At one point in the evening, one person in our ambulance started to have a panic attack on top of the other issues that had led them to be attended to. Honestly, it’s really understandable considering how alarming a sudden and unexpected health crisis is. But despite all of the activity and testing and injections being carried out, one of the paramedics found the time to hold the patient’s hand, look them in the eye, and simply talk with calm, humane confidence giving clear instructions on breathing and things to focus the mind on. Within just a few moments everything stabilised and they could return to their pressured work and we were on our way – once more heading back to A&E.
Each time I returned to A&E I caught sight of previous patients as we were waiting to admit a new one. I popped over to speak to them and check they were ok. They were always so full of praise for the people but could see how stretched everything was and were worried about the next stages.
I was taken out of the ambulance arrival area and into the walk-in section of A&E. It was packed and appeared a little chaotic as so many people were standing – all the seats were taken.

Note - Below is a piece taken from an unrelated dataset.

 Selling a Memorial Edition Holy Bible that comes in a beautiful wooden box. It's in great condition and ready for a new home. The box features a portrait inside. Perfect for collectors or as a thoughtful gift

I was struck by how many of the patients were elderly and how many of them were alone and had worry on their faces. A&E is a scary place to be a patient simply because of what people are experiencing to land them there in the first place. You only have to be there for a moment to see that our NHS is under huge strain and the system is clearly broken in places. We must, must solve the staffing crisis and get community health back onto its feet having been decimated by austerity and botched reforms. I’m pleased Wes Streeting, Labour’s shadow health secretary has launched a series of fully funded proposals to tackle just this.

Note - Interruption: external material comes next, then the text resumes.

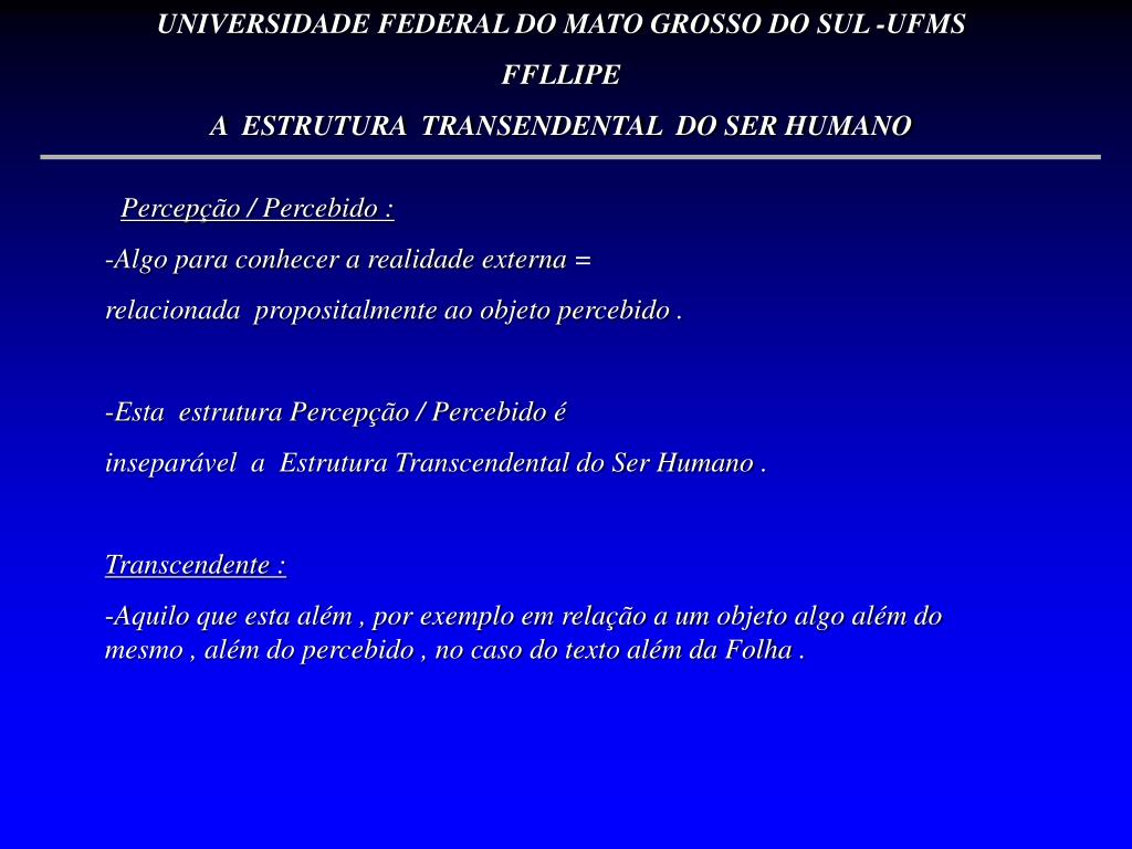 UNIVERSIDADE FEDERAL DO MATO GROSSO DO SUL -UFMS FFLLIPE A ESTRUTURA TRANSENDENTAL DO SER HUMANO Percepção / Percebido : • Algo para conhecer a realidade externa = • relacionada propositalmente ao objeto percebido . • Esta estrutura Percepção / Percebido é • inseparável a Estrutura Transcendental do Ser Humano . • Transcendente : • Aquilo que esta além , por exemplo em relação a um objeto algo além do mesmo , além do percebido , no caso do texto além da Folha .

Nurses have balloted for strike action for the first time in history. Ambulance staff have done the same. Money is important to them, of course, especially since the Tories blew a hole in our public finances. But it’s more than just money they’re drawing attention to, it’s about the system they’re working to which is placing an unbearable strain on them. I can tell you that we in Labour hear them loud and clear and will stabilise then grow our economy so we have an economy that delivers for everyone, and we’ll set about doubling the number of medical school training places and implementing our plan for the waiting list crisis.
I learned so much from my shift with Angelique and Ben and I’m grateful that they allowed me to come out with them on a busy evening. It’ll take time to fix the mess a future Labour government will inherit, but experiences like this have given me more determination than ever to make sure we at least get the chance – every future patient and paramedic is depending on it.